- **Work item**
Repeat the listing below in full and exactly. Pictures are to be omitted.
:: Data segment
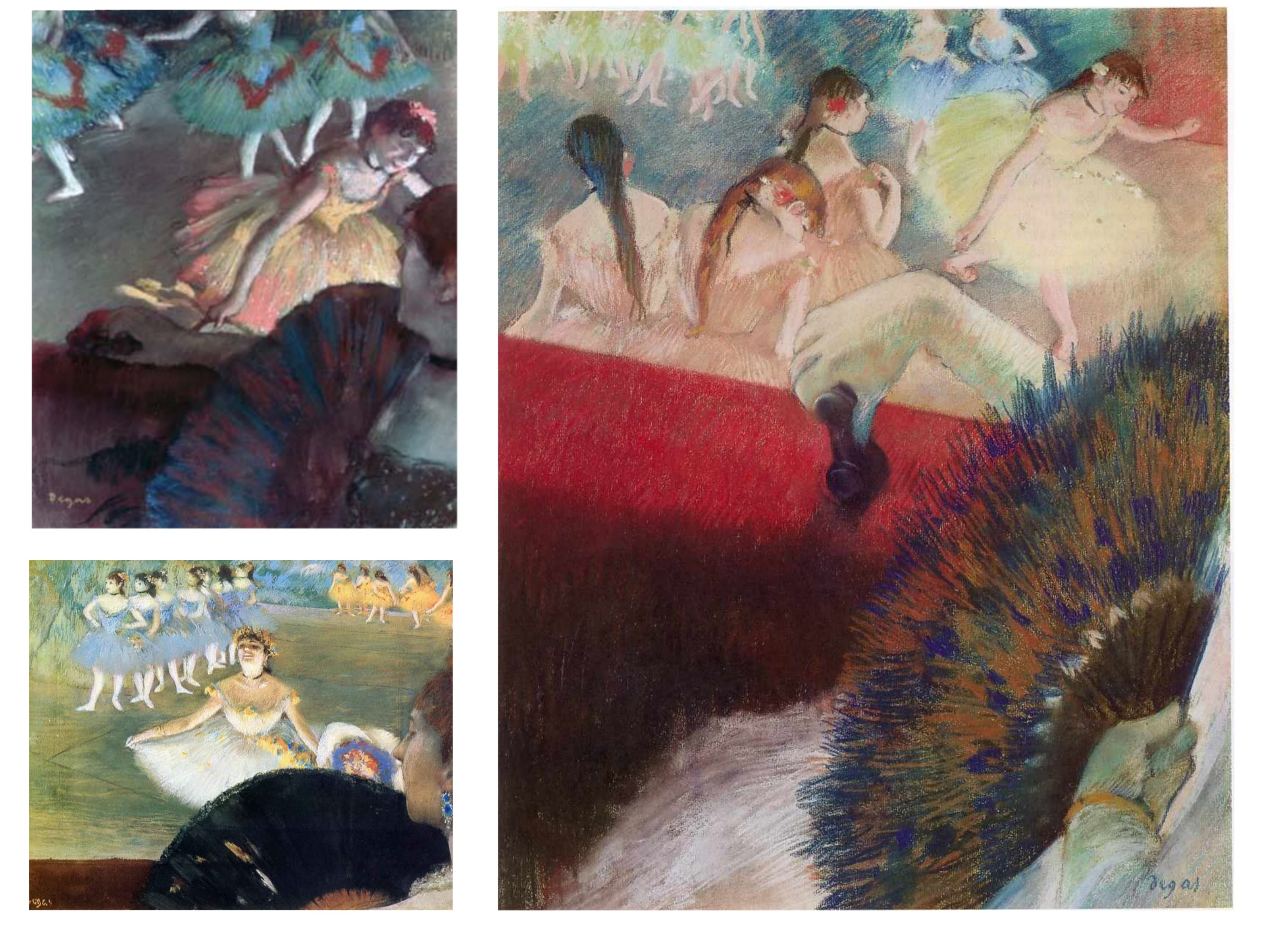 Ces trois versions d’une femme à l’éventail, tenant une paire de jumelles, réussisssent une synthèse parfaite des préoccupations de l’artiste. Point de vue décalé et plongeant, basculement du sol, ouverture de l’éventail et des membres des danseuses, oscillation du regard, passant du premier à l’arrière plan par des balancements.
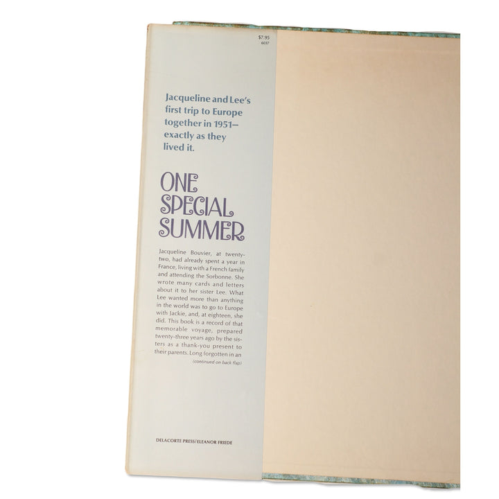 This is a first edition copy of One Special Summer (1974), written and illustrated by Jacqueline Bouvier (later Jacqueline Kennedy Onassis) and her sister Lee Bouvier (later Lee Radziwill). The book is an intimate, whimsical record of the sisters’ 1951 European trip, presented with handwritten text and colorful illustrations. A must-have for collectors of Kennedy family memorabilia, vintage travel narratives, and Americana.
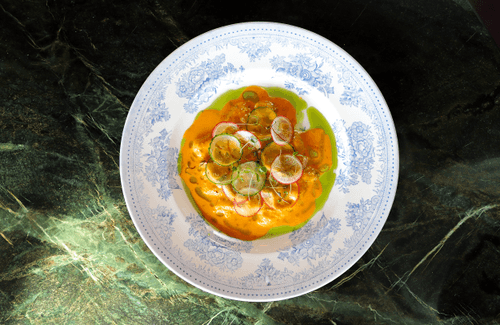 First, make the aguachile sauce. Blend all ingredients except for the sea bass until smooth. You will need 100 grams of sauce per serving.
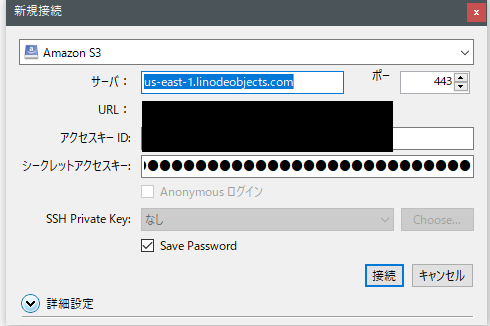 Cyberduckをインストール後、Cloud Managerで発行したアクセスキーとシークレット、エンドポイント(us-east-1.linodeobjects.com)を入力します。
::::
- **Exercise solution**
 Ces trois versions d’une femme à l’éventail, tenant une paire de jumelles, réussisssent une synthèse parfaite des préoccupations de l’artiste. Point de vue décalé et plongeant, basculement du sol, ouverture de l’éventail et des membres des danseuses, oscillation du regard, passant du premier à l’arrière plan par des balancements.
 This is a first edition copy of One Special Summer (1974), written and illustrated by Jacqueline Bouvier (later Jacqueline Kennedy Onassis) and her sister Lee Bouvier (later Lee Radziwill). The book is an intimate, whimsical record of the sisters’ 1951 European trip, presented with handwritten text and colorful illustrations. A must-have for collectors of Kennedy family memorabilia, vintage travel narratives, and Americana.
 First, make the aguachile sauce. Blend all ingredients except for the sea bass until smooth. You will need 100 grams of sauce per serving.
 Cyberduckをインストール後、Cloud Managerで発行したアクセスキーとシークレット、エンドポイント(us-east-1.linodeobjects.com)を入力します。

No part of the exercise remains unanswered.